Material, equipment and supplies furnished by Tennessee shall be priced at cost
plus Tennessee's actual carrying costs as approved by the Operator in its most
recent budget.

         3.07 Transportation. Transportation of employees, equipment and
material and supplies necessary for the Performance of Tennessee's
Responsibilities. It is anticipated that all transportation equipment utilized
by Tennessee for performing Tennessee's Responsibilities will be owned by
Tennessee and will be billed to the Operator at reasonable rates based on
Tennessee's actual costs.

         3.08 Services.

              (a)  The cost of contract services and utilities procured from
                   outside sources.

              (b)  Use and service of vehicles, equipment and facilities
                   furnished by Tennessee.

         3.09 Legal Expenses and Claims. All costs and expenses of handling,
investigating and settling litigation or claims arising by reasons of the
Performance of Tennessee's


<PAGE>

Responsibilities, including, but not limited to, attorney's fees, court costs,
costs of investigation or procuring evidence and any judgments paid or amounts
paid in settlement or satisfaction of any such litigation or claims. Tennessee
shall credit the Operator and/or Partnership for judgments received or amounts
received in settlement of litigation, with respect to any claim asserted on
behalf of the Operator or Partnership.

         3.10 Taxes. All taxes (except those measured by income) of every kind
and nature assessed or levied upon or incurred by Tennessee in connection with
the Performance of Tennessee's Responsibilities, including charges for late
payments arising from extensions of the time for filing which is caused by
Partnership or Operator, or which result from Tennessee's good faith efforts to
contest the amount of application of any tax.

         3.11 Insurance. Net of any returns, refunds, or dividends, all premiums
paid and expenses incurred for insurance allowable under or required to be
carried under the IPOC/Tennessee Agreement for the benefit of Tennessee, the
Operator and/or Partnership.

         3.12 Permits, License and Bond. Costs of permits, licenses and bond
premiums necessary in the performance of Tennessee's Responsibilities.

         3.13 Audit Expenses. All cost and expenses incurred by Tennessee in
connection with audits requested by Operator pursuant to Section 5.4.

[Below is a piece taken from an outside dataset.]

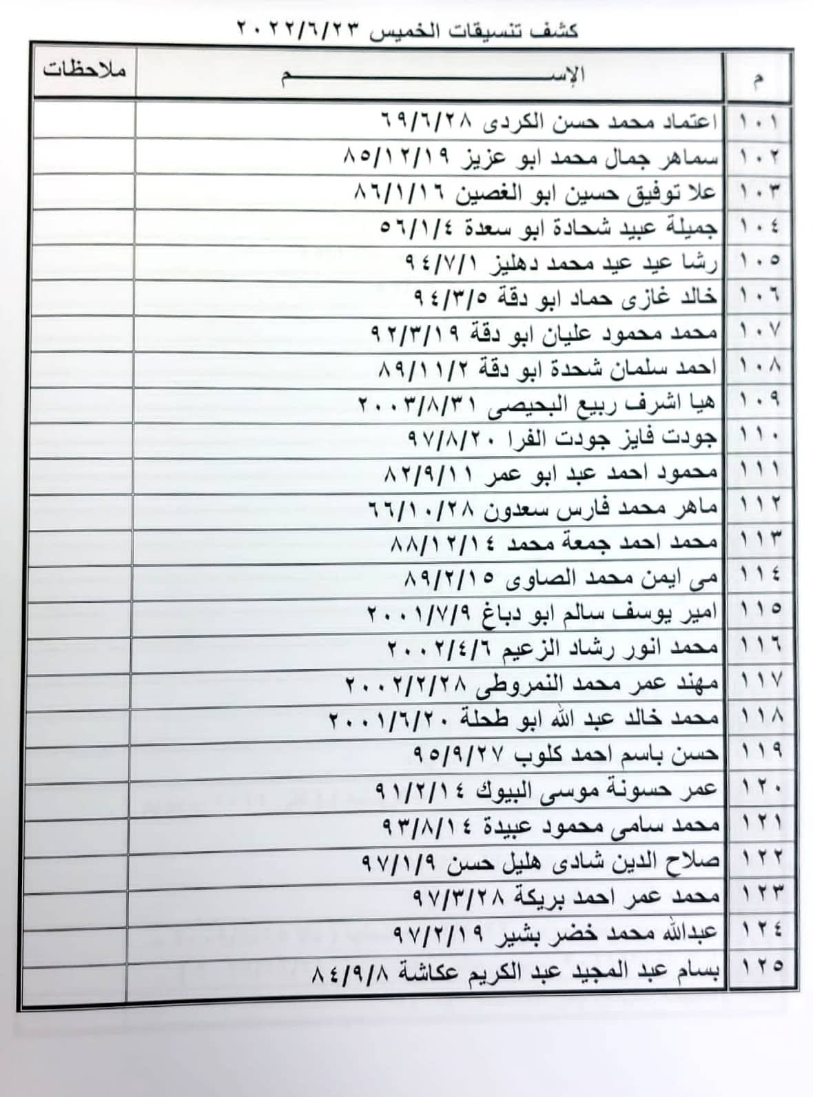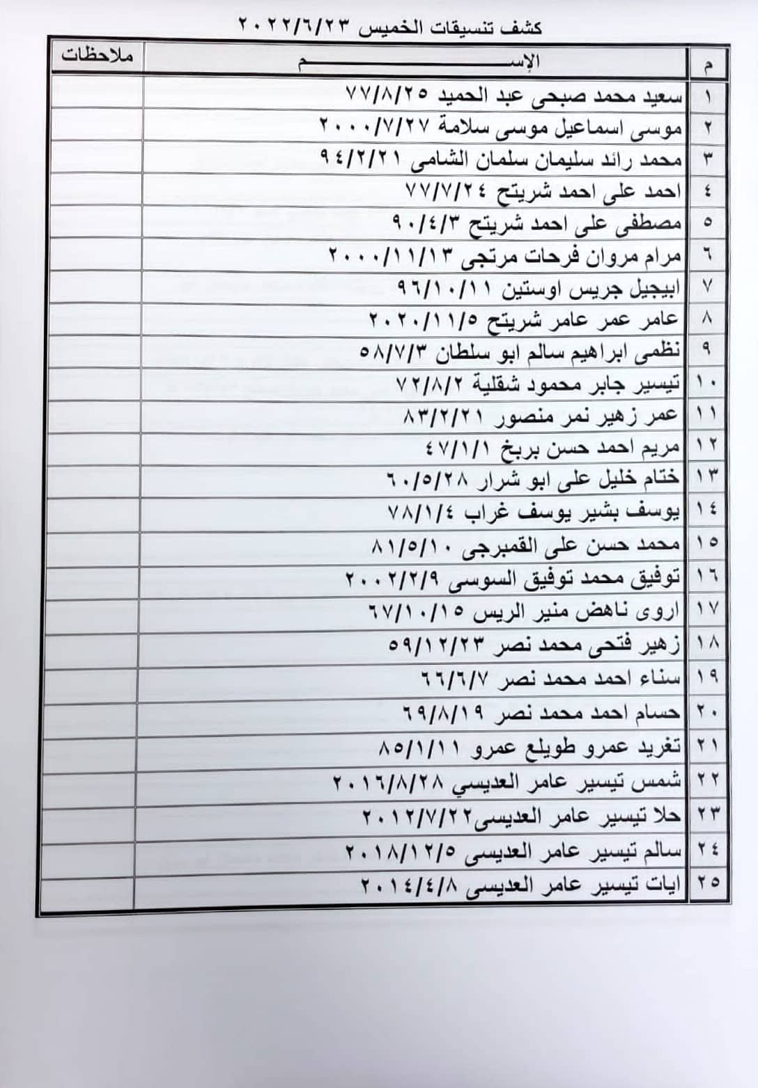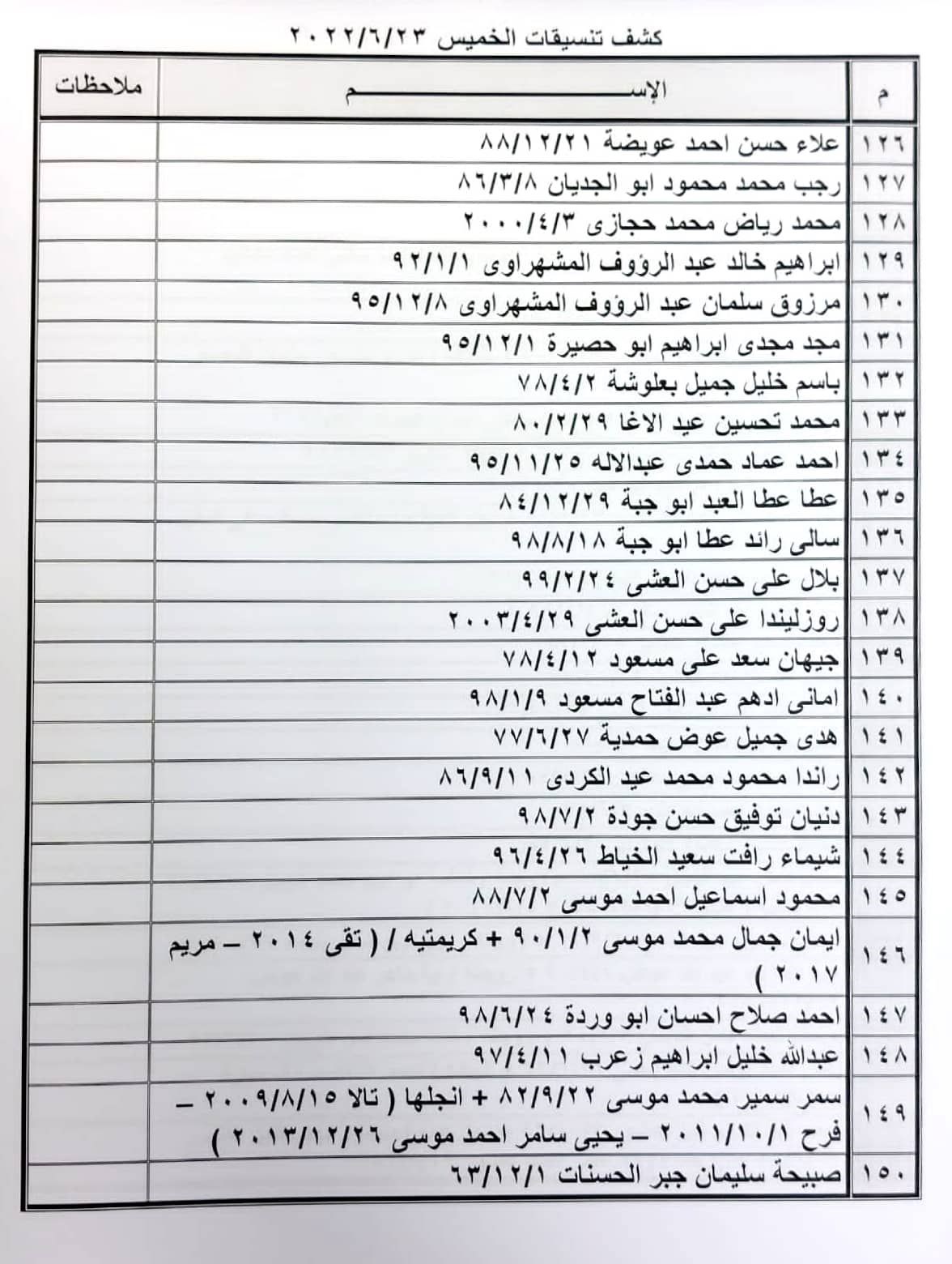 تعلن الهيئة العامة للمعابر والحدود بوزارة الداخلية والأمن الوطني عن وصول كشف "تنسيقات مصرية" للسفر عبر معبر رفح البري يوم غد الخميس (23 يونيو)، والذين عليهم التواجد س 8:00 صباحاً في الصالة الخارجية للمعبر لتسهيل سفرهم.

         3.14 Administrative and General Expense. All administrative and general
expenses including and not limited to outside services, materials, rents,
equipment maintenance, office supplies, as well as salaries and related benefits
of personnel other than those referred to in Section 3.03, who render service to
Tennessee, including but not limited to Accounting, Administrative, Audit,
Public Relations, Personnel, Purchasing, Legal and Treasury, shall be charged at
a rate computed according to the rate formula specified in Exhibit B. The rate
shall be


<PAGE>

applied monthly to the total direct expenses (defined as the sum of the expenses
listed in 3.01 to 3.12 herein) incurred and charged by Tennessee to perform
Tennessee's responsibilities. The charge under this formula allocates
administrative and general overhead costs incurred in connection with effective
and efficient discharge of Tennessee's obligations.


<PAGE>


                                    EXHIBIT B

                                A&G RATE FORMULA

Labor
-----
The combined salary plus benefits amount will be multiplied by 1.25 to account
for a 25 percent A&G rate.

Remaining Components
--------------------
The remaining components of Tennessee's budget will be multiplied by 1.07 per
line item to account for a 7 percent A&G rate.